**WHAT IS NEEDED**
A faithful, word-for-word copy of the data below is required, without pictures.

**DATA SHOWN**

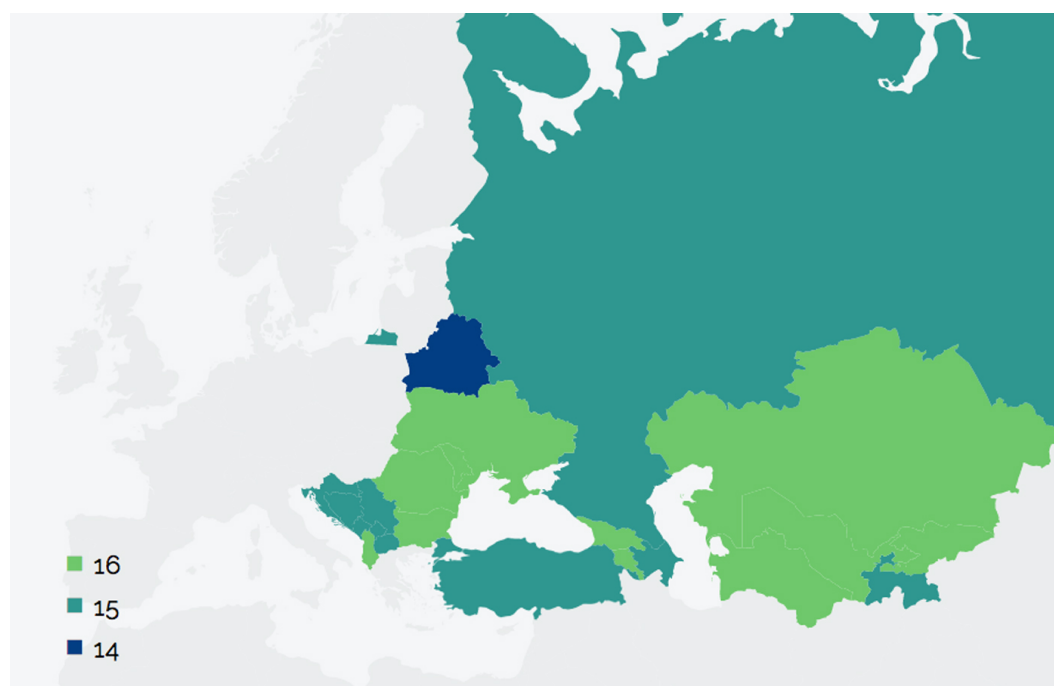
Map 8 I. Admission to Employment in CEE/CIS

Source: YPL for UNICEF. Data on Albania, Kosovo, Russia and Turkey is to be verified. The EU Agency for Fundamental Rights (FRA) has kindly provided information on Bulgaria, Croatia, Romania collected by their interdisciplinary research network FRANET. This data is provisional.
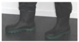
Fixed hard toe boots

**OUTPUT BELOW**
Map 8 I. Admission to Employment in CEE/CIS

Source: YPL for UNICEF. Data on Albania, Kosovo, Russia and Turkey is to be verified. The EU Agency for Fundamental Rights (FRA) has kindly provided information on Bulgaria, Croatia, Romania collected by their interdisciplinary research network FRANET. This data is provisional.
Fixed hard toe boots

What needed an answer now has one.